Honor Among Thieves (The Honors #1)(56)
As usual, Bea was right, because Nadim said, “Yes. I have translations if you’re interested.”
“Of course!” I couldn’t see her face under the mask, but the tone left no room for doubt that she had lit up like New Year’s Eve.
“Please understand, this is imprecise, as it has been shifted through many languages. ‘Here we sing to the stars. Deep in the dreaming, we have come and gone for many evers. Until the joining. Until journey’s end. Sing back to us when you come, so that we may know the silence is never eternal. Our sun, your stars, their gods, they have sailed in other skins, far beyond the dark and into the hollow, where all light sleeps.’”
As he spoke, I had an eerie kind of vision.

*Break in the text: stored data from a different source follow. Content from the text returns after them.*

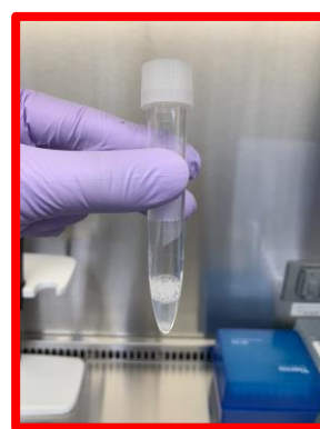
泡が多い 十分量採取されていない
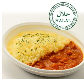
バターチキンカレー
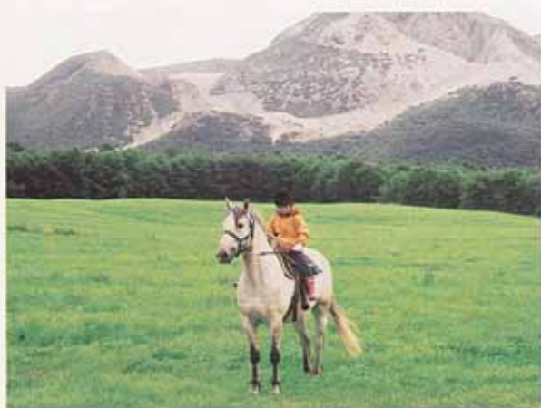
摩周トレッキングコースで 硫黄山をバックにした感動フォトポイント。

広がる大自然の中、 乗馬・ホーストレッキングを 思いきりお楽しみください。 澄んだ空気と爽やかな風。 身体中で自然の気持ち良さを 実感できるはずですよ。
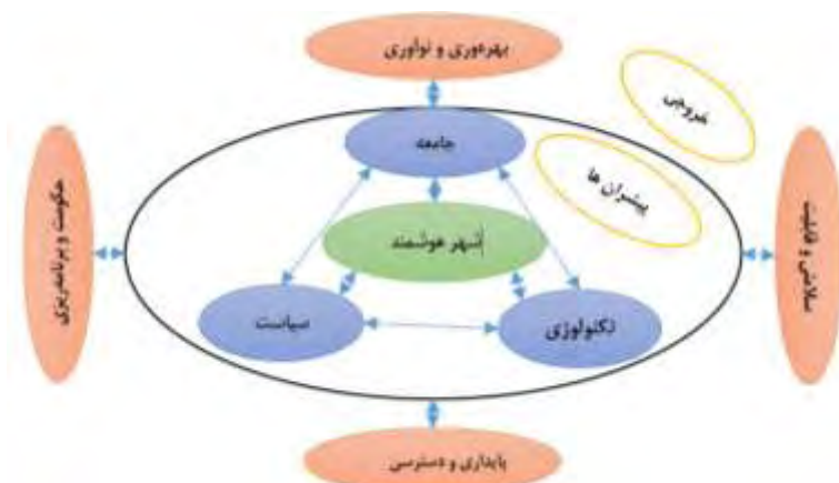
شکل ۱. چارچوب مفهومی شهرهای هوشمند

زیر نشان داده شده است (Yigitcanlar & Kamruzzaman, 2018: 56).
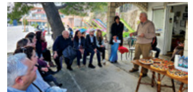
Posjet PŠRD Arbun-u
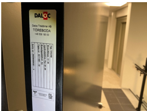
Brann og lydør mot felles gang

Inngangsdør av type EI30 brannør i henhold til krav. Balkongdører med trekarmen og isolerglass. Utvendig beslag på karmen. Balkongdører har generelt behov for justering. Heng i karmen.
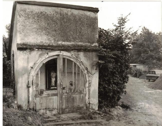
1979, ruinöser Bauzustand. 49
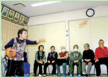
扇子田長寿会 輪投げ練習。入れ！
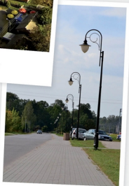
Mrozy ul. Graniczna
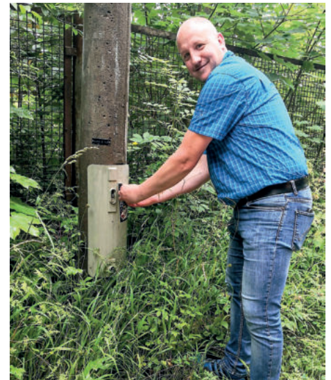
Der Autor hat selbst mit Hand angelegt.
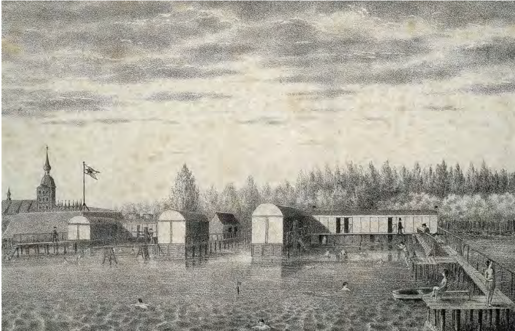
Stralsunder Seebadeanstalten, um 1840, Lithografie, Stralsund Museum

schützte die Seesandaufspülungen. Die Stralsunder Badeanstalt zählt zu den in der Weimarer Republik im Sinne der Moderne vielfach umgesetzten sozialen Freiraumkonzepten, denen der Wunsch nach gesellschaftlicher Erneuerung durch Reformbewegungen zugrunde lag. Als städtische Badeanstalt erfüllt sie bis heute wichtige Funktionen der Gesundheitsvorsorge und Erholung. In ihrem stadträumlichen Bezug bildet sie den Zielpunkt der ab 1928 errichteten und auf sie ausgerichteten Sundpromenade.
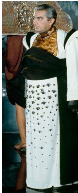
Slika 12: Milo O'Shea kao Durand Durand , fotografija prizora iz filma Barbarella , 1968.

jasne, a kasnije se saznaje da je on zapravo znanstvenik zbog kojeg je Barbarella i krenula u misiju. Ono što ga nikako nije moglo odati cijelo vrijeme bio je upravo njegov izgled; Barbarella je cijelo vrijeme mislila da traga za mladim muškarcem, a dočekao ju je – starac. Lik Durand Duranda zapravo šalje moralnu poruku u doba buđenja sve veće svijesti o tjelesnosti. Naime, zbog svoje zloće Durand Durand naglo je ostario gotovo četvrt stoljeća i, iako je vrlo karizmatičan i markantan, Barbarella je očekivala "nešto mlađe".
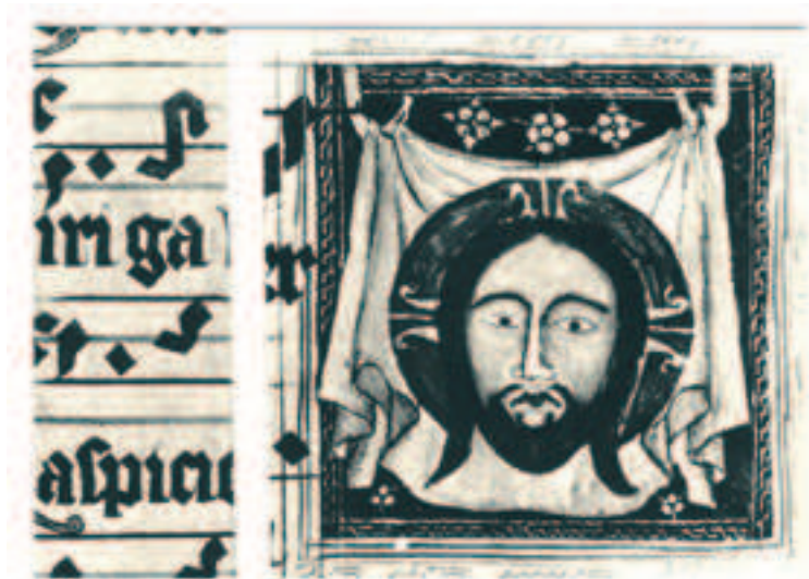
Il. 9b. Miniatura, Veraicon, lata 70. XIV wieku, Graduał Pelpliński, Pelplin, Biblioteka Seminarium
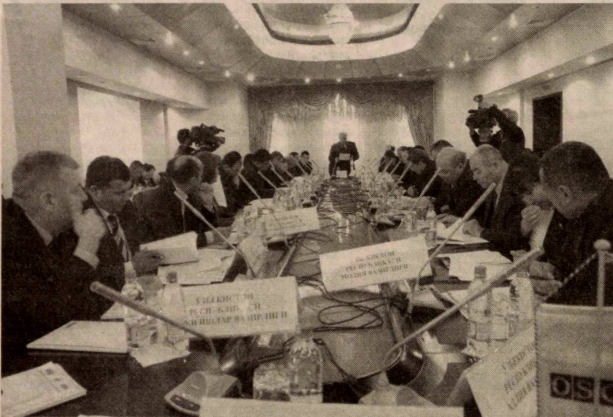
Давоми. Бошланиши 1-саҳифада ◀◀
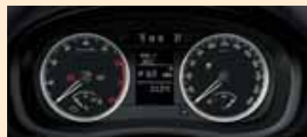
Quadro strumenti High-line con display MaxiDOT
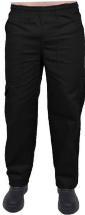
Calça Masculina Limpeza Imagem Ilustrativa

Item 11 - Camisas Gola Polo unissex para Recepção
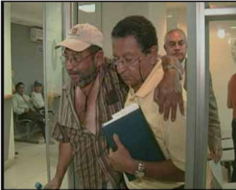
Piloto recupera su libertad después de ser apresado por las fuerzas represivas del gobierno de Álvaro Colóm.

Con ello, Colóm demuestra una y otra vez mas las intenciones del gobierno de turno que representa los intereses políticos y económicos de la oligarquía terrateniente-agroindustrial y comercial guatemalteca, lacayos del imperialismo norteamericano y Europeo en complicidad con la Municipalidad de Guatemala, administrada y controlada por el señor Álvaro Arzu, dueño del Banco Banrural, accionista del Banco industrial y demás negocios lucrativos sucios manchados de sangre y sudor del pueblo trabajador de Guatemala.
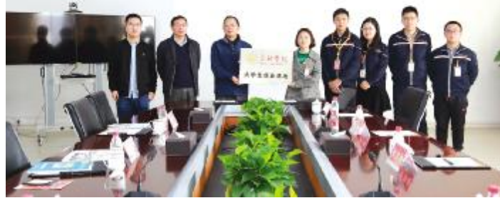
2018年11月23日,合肥学院大学生就业基地落户通威太阳能合肥公司
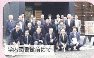
学内図書館前にて
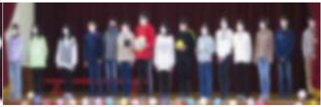
ひまわり班から6年生へ感謝のメッセージが贈られました
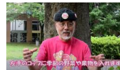
②左手のコップに季節の野菜や果物を入れます
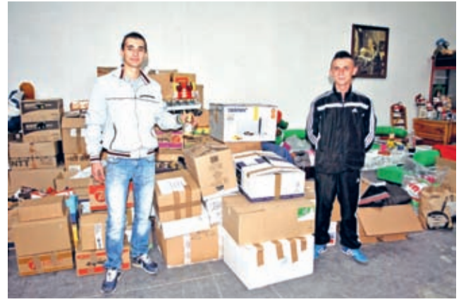
Każdy znicz to dowód naszej pamięci o naszych rodakach

szkołach oraz średzkim starostwie. Mimo, że akcja trwała tylko tydzień udało się zebrać ponad 2 tys. zniczy! Lublin, którym zawieziono je do Wrocławia był załadowany po dach. – To jak dotychczas największa dostawa – stwierdzono w TVP Wrocław.
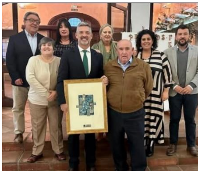
APDIR CONTINÚA SU INGENTE LABOR EN NOVIEMBRE
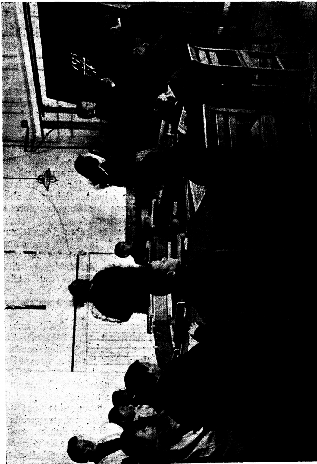
Sohanneum: Klasse der Schwerhörigen.
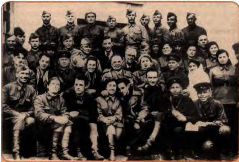
Артисти фронтової бригади Київського українського театру ім. І. Франка. В центрі – Г. Юра. 1942 р.

входили такі визначні діячі української культури, як З. Гайдай, І. Паторжинський, П. Вірський та ін.
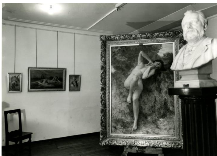
Exposition Bouguereau , 1965

Quelques semaines plus tard, après de nombreuses démarches auprès d'institutions, de musées et de particuliers 10 , mais toujours mue par le même désir – pointer du doigt le moment où surgit une forme d'académisme – Denise Breteau opte pour une démonstration anachronique en exposant des toiles et des esquisses de William Adolphe Bouguereau (1825-1905) du 22 décembre 1965 au 10 février 1966. Un buste trône sur une colonne au milieu d'une salle, entouré d'immenses toiles, dont les fameuses « Oréades » ; dans L'Express , Otto Hahn écrit : « ...ayant commencé son offensive en s'attaquant aux assembleurs d'objets et
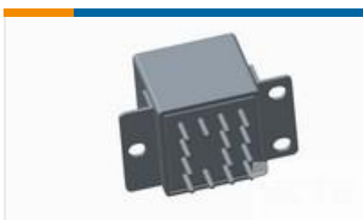
TE 产品编号2-1617805-4 TD228-3002P=TDFO 30 SEC M83726 /28-3002P
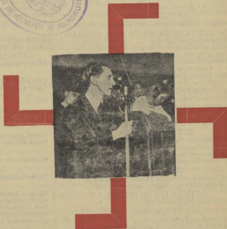
Dr. Joseph Goebbels Ministro de Propaganda del Reich

El bolchevismo es una dictadura de los inferiores. Se apodera del Poder por medio de mentiras y lo mantiene por la fuerza. Para combatirlo, hay que conocerlo a fondo y tiene uno que haber penetrado en sus secretos más íntimos. Todas las fuerzas superiores y morales de una nación tienen que ser movilizadas para aniquilarlo, ya que es un organismo amorfo y antiracial.
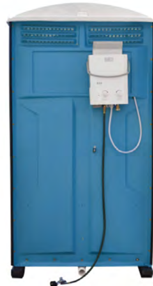
> Ausgestattet mit einem Gas-Wasserehitzer
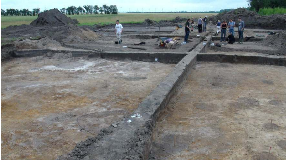
Fig. 4. Et vigtigt element i opkvalificeringen af den arkæologiske udgravningsvirksomhed er uddannelsesudgravningerne for studerende ved Københavns og Århus Universiteter. Her er det seminargravningen af bopladsen fra romersk jernalder ved Hoby under Lolland Falsters Stiftsmuseum og Nationalmuseet .

ekspertstøtte på vanskelige udgravninger, og det skal være ganske naturligt at bede om råd og vejledning.
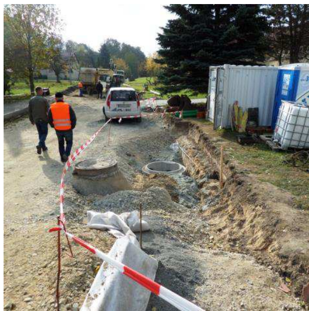
Straßenbau 2. BA S 143 Dorfstraße
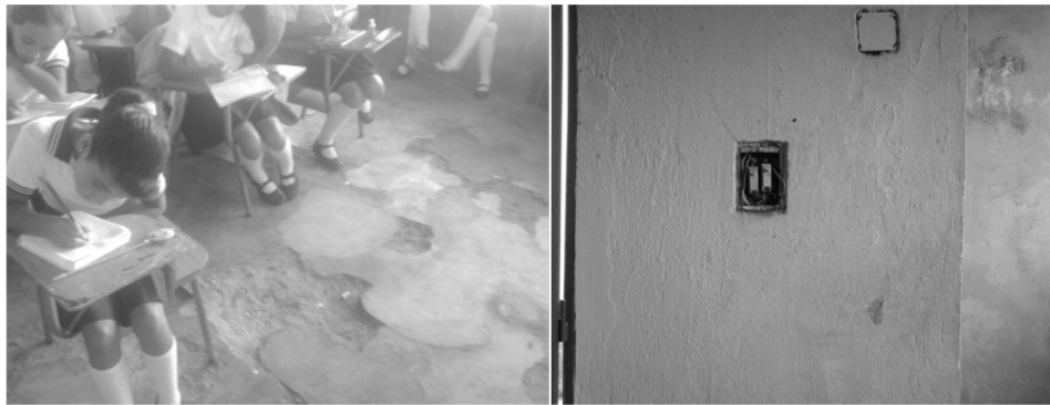
Figura 5. Aula de clase de la Sede Villa Esperanza. A la izquierda el deterioro de los pisos y a la derecha los circuitos eléctricos.

La anterior afirmación, ratificada con algunas fotografías recolectadas (ver figura 5), supone la existencia de diferentes características entre las instituciones rurales, y más aún entre distintas sedes; además evidencian el posible conformismo de las condiciones de la aula por parte de los docentes de la sede en estudio.

I had no idea what this alien race had looked like, so my imagination put them in robes, all gathered in a circle while they chanted beneath strange and forlorn stars. Firstworld had a sky utterly unlike Earth’s, radiant with colors we got only at sunrise and sunset. A permanent aurora borealis streaking the sky, and a world full of life and color and desolation.
For some reason, a little shiver went through me, as if Nadim had incanted a magic spell. The superstitious kid in me expected a puff of purple smoke and a dragon or a demon to appear. But there was only the disquieting wind, whipping over me in greater gusts, so that the golden fronds in the distance bent nearly double as if performing reluctant obeisance. We stood for a moment in silence, and then Bea dropped to her knees. Normally, I wasn’t the reverent type, but it seemed wrong not to do likewise.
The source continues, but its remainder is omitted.